# Northeast cruise to Gaydon



## YELLOW_TT (Feb 25, 2004)

Right then who going to Gaydon on the Saturday and wants to meet up for a cruise down :?: 
We have to options we can cruise stright to Gaydon down the M1 or we can meet up with Leg in Leeds and then meet up with Davidg ( and the pies    ) this would be a bit longer but more fun 
So whose with me


----------



## mav696 (May 21, 2006)

It looks like me and the girlfriend will be coming down on the Sat and staying over. I'm up for a cruise down, should we think about joining up with the cruise coming down from Scotland :?: 
Either way I'm up for it.


----------



## davidg (Sep 14, 2002)

mav696 said:


> It looks like me and the girlfriend will be coming down on the Sat and staying over. I'm up for a cruise down, should we think about joining up with the cruise coming down from Scotland :?:
> Either way I'm up for it.


The Scotland cruise is coming to me along with leg and the Leeds guys ,, as Andy said it will be BIG fun to have @20+ TTs down the motorway ,, I appreciate it will be a bit longer for you guys but only 2hrs drive [cruise] from me lets see if we can fill the M6 toll with TT's       

Or we can meet up somewhere M6 ,south of manchester    up to you guys 8) 8)


----------



## Leg (Jan 11, 2006)

Would be great to have a big ole procession down the motorway.


----------



## YELLOW_TT (Feb 25, 2004)

We thats 2 of use come on there must be more


----------



## YELLOW_TT (Feb 25, 2004)

No one else from the northeast going to Gatdon the best TT meet of the year


----------



## Mrs Wallsendmag (Dec 13, 2005)

YELLOW_TT said:


> No one else from the northeast going to Gatdon the best TT meet of the year


We are going on the Friday


----------



## davidg (Sep 14, 2002)

Wallsendmag II said:


> YELLOW_TT said:
> 
> 
> > No one else from the northeast going to Gatdon the best TT meet of the year
> ...


So ,, drive back up here sat and cruise down with us ,,,,, petty excuse :lol:


----------



## Mrs Wallsendmag (Dec 13, 2005)

davidg said:


> Wallsendmag II said:
> 
> 
> > YELLOW_TT said:
> ...


mmm massive airshow or a day on the road mmmmm nah :lol: :lol: :lol:


----------



## YELLOW_TT (Feb 25, 2004)

Come on guys some of you must be going dont tell me it is just going to be me and all these southern shandy drinking softies :wink: :lol: :lol:


----------



## Mrs Wallsendmag (Dec 13, 2005)

YELLOW_TT said:


> Come on guys some of you must be going dont tell me it is just going to be me and all these southern shandy drinking softies :wink: :lol: :lol:


Who are you calling a southern shandy drinking softy you southern shandy drinking softy


----------



## Hev (Feb 26, 2005)

YELLOW_TT said:


> Come on guys some of you must be going dont tell me it is just going to be me and all these southern shandy drinking softies :wink: :lol: :lol:


......... we'll keep you company 

Fancy joining us at Penrith?

Hev x


----------



## mav696 (May 21, 2006)

Andy, the girlfriend is definately working on the Saturday so we will be travelling down on the Sunday.
See you down there though, looking forward to my first meet.


----------



## YELLOW_TT (Feb 25, 2004)

mav696 said:


> Andy, the girlfriend is definately working on the Saturday so we will be travelling down on the Sunday.
> See you down there though, looking forward to my first meet.

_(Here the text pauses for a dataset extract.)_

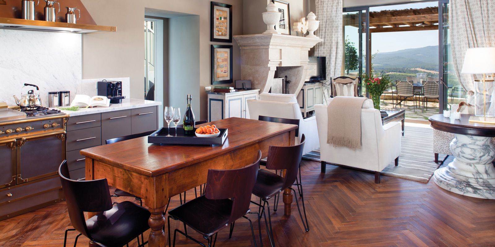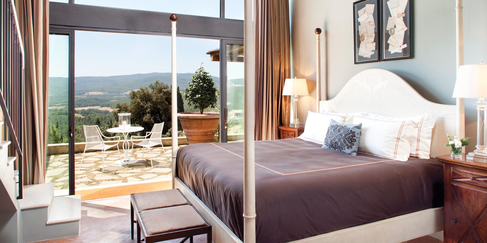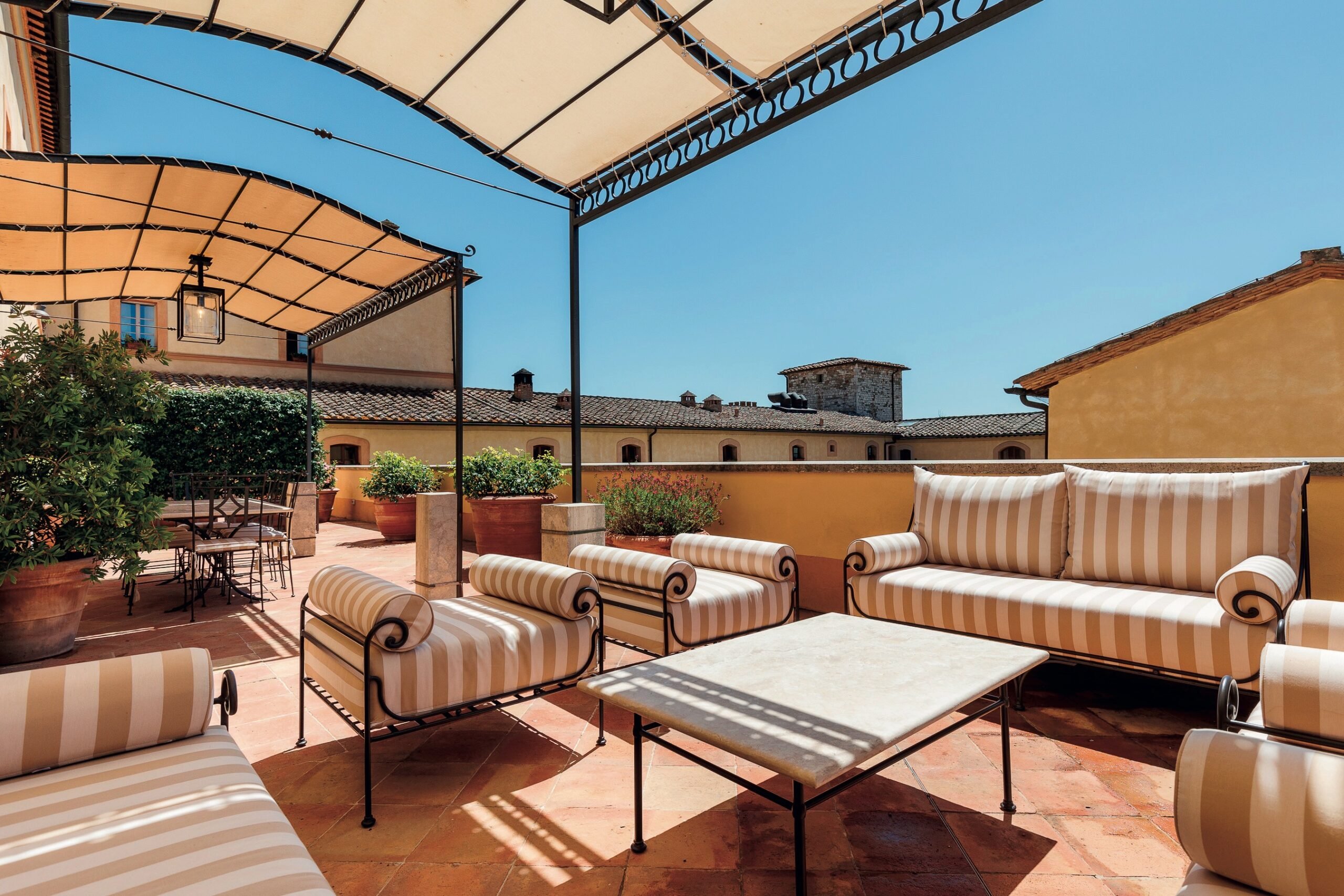 Located within the main building of the magnificent Belmond Castello di Casole, the two-level, 3,350-square-foot Bargagli Penthouse includes three primary suites with attached ensuites, a full gourmet kitchen, elegantly appointed living and dining areas, and a large private terrace — perfect for alfresco dining while taking in panoramic views of the stunning gardens and surrounding landscapes.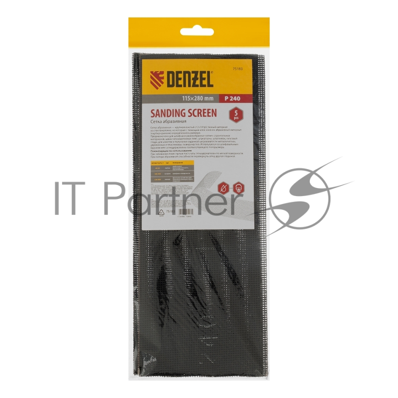 Сетка абразивная, P 240, 115 х 280 мм, 5 шт.// Denzel

So thats me all on my own looks like I will go over and meet up with Leg and Davidg ( and the pies  ) for the run down


----------



## Mrs Wallsendmag (Dec 13, 2005)

YELLOW_TT said:


> mav696 said:
> 
> 
> > Andy, the girlfriend is definately working on the Saturday so we will be travelling down on the Sunday.
> ...


We'll join you on the way back to stop you feeling lonely :wink:


----------



## YELLOW_TT (Feb 25, 2004)

Wallsendmag II said:


> YELLOW_TT said:
> 
> 
> > mav696 said:
> ...


Thanks Andy I do have one friend then


----------



## Mrs Wallsendmag (Dec 13, 2005)

Maybe you should change the title to from instead of to :lol:


----------



## Leg (Jan 11, 2006)

YELLOW_TT said:


> Wallsendmag II said:
> 
> 
> > YELLOW_TT said:
> ...


Ill bring a spare flat cap and u can be an honorary Yorkshireman for the day. It'll mean having ure pies with mushy peas but im sure u will manage.


----------



## Mrs Wallsendmag (Dec 13, 2005)

Leg said:


> YELLOW_TT said:
> 
> 
> > Wallsendmag II said:
> ...


He needs more than a flat cap after the sunburn he got last year :lol: :lol:


----------



## YELLOW_TT (Feb 25, 2004)

Leg said:


> YELLOW_TT said:
> 
> 
> > Wallsendmag II said:
> ...


I can manage the cap and peas as long as I dont have to watch football :lol: :lol:


----------



## Leg (Jan 11, 2006)

YELLOW_TT said:


> Leg said:
> 
> 
> > YELLOW_TT said:
> ...


Im not talking about that at the moment, ive gone from optimistic to realistic to upset, distraught and now im in denial and im not talking about the river!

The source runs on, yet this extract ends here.